Works like a charm. Gonna get a touch screen Atom UMPC. The JVC going to take care of the HD radio, and tiny little UMPC gonna do the FLAC and movies.

The only thing I'm waiting on is the JVC piece, I really wish it can do optical out with the HD radio. Then it'd be a superb upper chain.


----------



## saintwrath (Dec 8, 2007)

BTW, here is a test of the 
Laptop --(USB)-->Trends Audio USB transport--(optical SPDIF)-->Alpine 701 DAC

Works like a charm. Gonna get a touch screen Atom UMPC. The JVC going to take care of the HD radio, and tiny little UMPC gonna do the FLAC and movies.

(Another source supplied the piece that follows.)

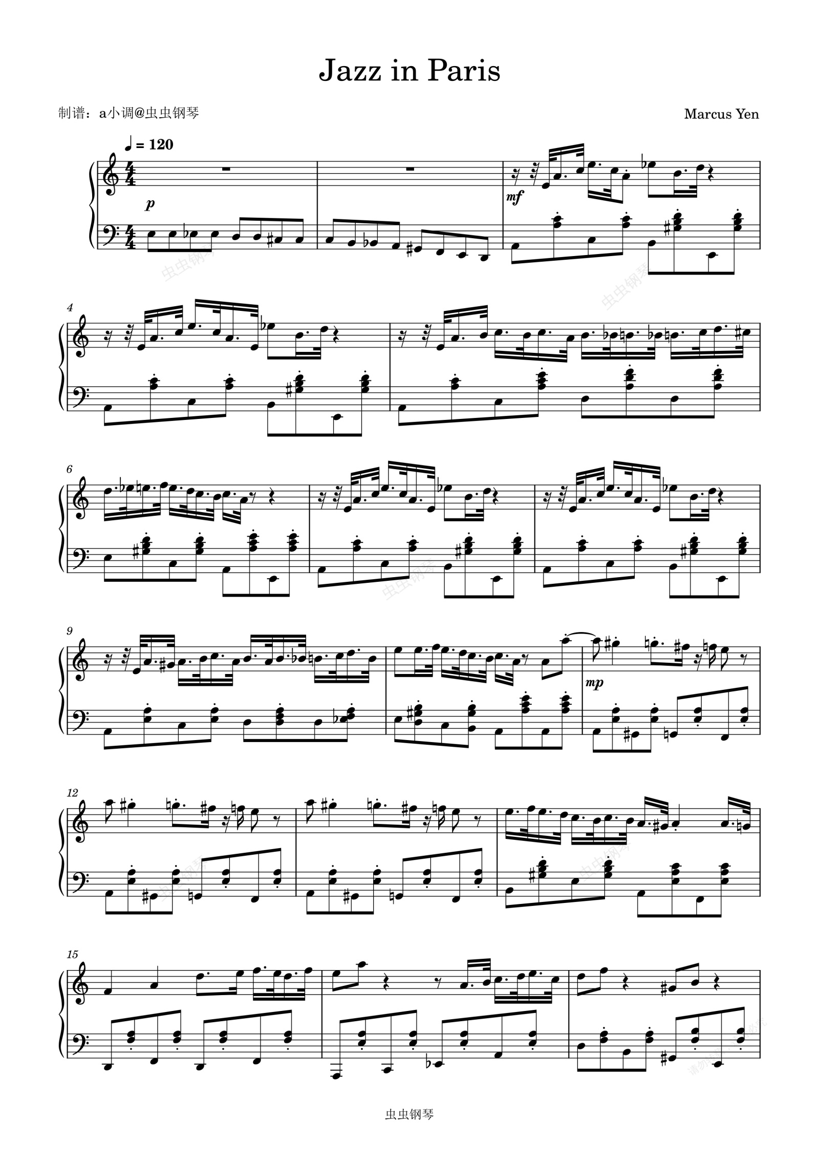 钢琴谱:Jazz in Paris - Marcus Yen

The only thing I'm waiting on is to know if those JVC HU that has optical, if add the JVC HD radio tuner, can the signal get pass to optical. I really wish it can do that. Then it'd be a superb upper chain.


----------



## t3sn4f2 (Jan 3, 2007)

Dunno if it's too late but this is what I do in your case.

Headunit side:

Get a head unit with HD radio installed that is compatible with the H701 (optical output and head unit master volume control of the H701). Get a manual optical input switch device so that you can select between your head units CD transport and your carPC source. This setup will let you switch digital sources and still have master volume control from your head unit, plus you will be able to switch between analog sources as well.

CarPC side:

Get a trunk mounted PC (dual core atom), a wireless router, an iPhone or iPod touch and this piece of software that controls and displays iTunes remotely and wirelessly. 

You'll have a stable head unit with a digitally connected media server that is easy to navigate and is completely stealth.


----------